Basically, if you have under 64 logical cores, this would not be a problem. Once you get past that, however, you will now have two process groups for each socket(or other organization Windows so chooses). In my case, each process group had 44 hyperthreads and represented one physical CPU socket and I had exactly two process groups. Every process(program) by default, is only given access to one process group, hence I initially could only utilize 44 threads on one core. However, if you manually create threads and use SetThreadGroupAffinity to set the thread's processor group to one that is different from your program's initially assigned group, then your program now becomes a multi processor group. This seems like a round-about way to enable multi-processors but yes this is how to do it. A call to GetProcessGroupAffinity will show that the number of groups becomes greater than 1 once you start setting each thread's individual process group.
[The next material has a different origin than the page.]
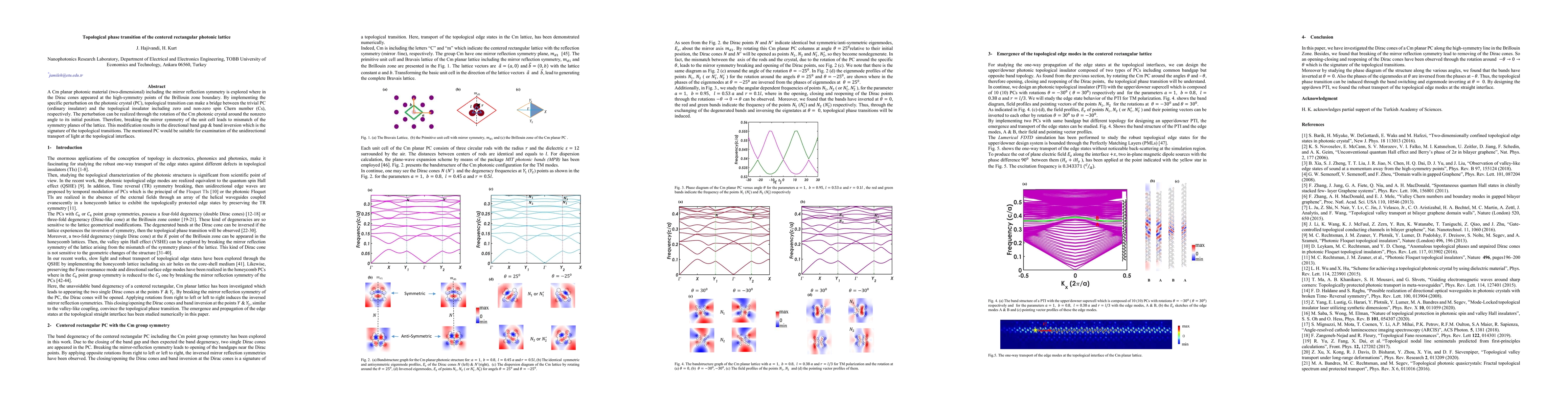 A Cm planar photonic material (two-dimensional) including the mirror reflection symmetry is explored where in the Dirac cones appeared at the high-symmetry points of the Brillouin zone boundary. By implementing the specific perturbation on the photonic crystal (PC), topological transition can make a bridge between the trivial PC (ordinary insulator) and the topological insulator including zero and non-zero spin Chern number (Cs), respectively. The perturbation can be realized through the rotation of the Cm photonic crystal around the nonzero angle to its initial position. Therefore, breaking the mirror symmetry of the unit cell leads to mismatch of the symmetry planes of the lattice. This modification results in the directional band gap & band inversion which is the signature of the topological transitions. The mentioned PC would be suitable for examination of the unidirectional transport of light at the topological interfaces.

I was able to create an open MP block like so, and go through and assign process groups:

...

#pragma omp parallel num_threads( 88 )
{
    HANDLE thread = GetCurrentThread();

    if (omp_get_thread_num() > 32)
    {
        // Reserved has to be zero'd out after each use if reusing structure...
        GroupAffinity1.Reserved[0] = 0;
        GroupAffinity1.Reserved[1] = 0;
        GroupAffinity1.Reserved[2] = 0;
        GroupAffinity1.Group = 0;
        GroupAffinity1.Mask = 1 << (omp_get_thread_num()%32);
        if (SetThreadGroupAffinity(thread, &GroupAffinity1, &previousAffinity))
        {
            sprintf(buf, "Thread set to group 0: %d\n", omp_get_thread_num());
            OutputDebugString(buf);
        }
    }
    else
    {
        // Reserved has to be zero'd out after each use if reusing structure...
        GroupAffinity2.Reserved[0] = 0;
        GroupAffinity2.Reserved[1] = 0;
        GroupAffinity2.Reserved[2] = 0;
        GroupAffinity2.Group = 1;
        GroupAffinity2.Mask = 1 << (omp_get_thread_num() % 32);
        if (SetThreadGroupAffinity(thread, &GroupAffinity2, &previousAffinity))
        {
            sprintf(buf, "Thread set to group 1: %d\n", omp_get_thread_num());
            OutputDebugString(buf);
        }
    }
}

So with the above code, I was able to force 64 threads to run, 32 threads each per socket. Now I couldn't get over 64 threads even though I tried forcing omp_set_num_threads to 88. The reason seems to be linked to Visual Studio's implementation of OpenMP not allowing more than 64 OpenMP threads. Here's a link on that for more information

Thanks all for helping glean some more tidbits that helped in the eventual answer!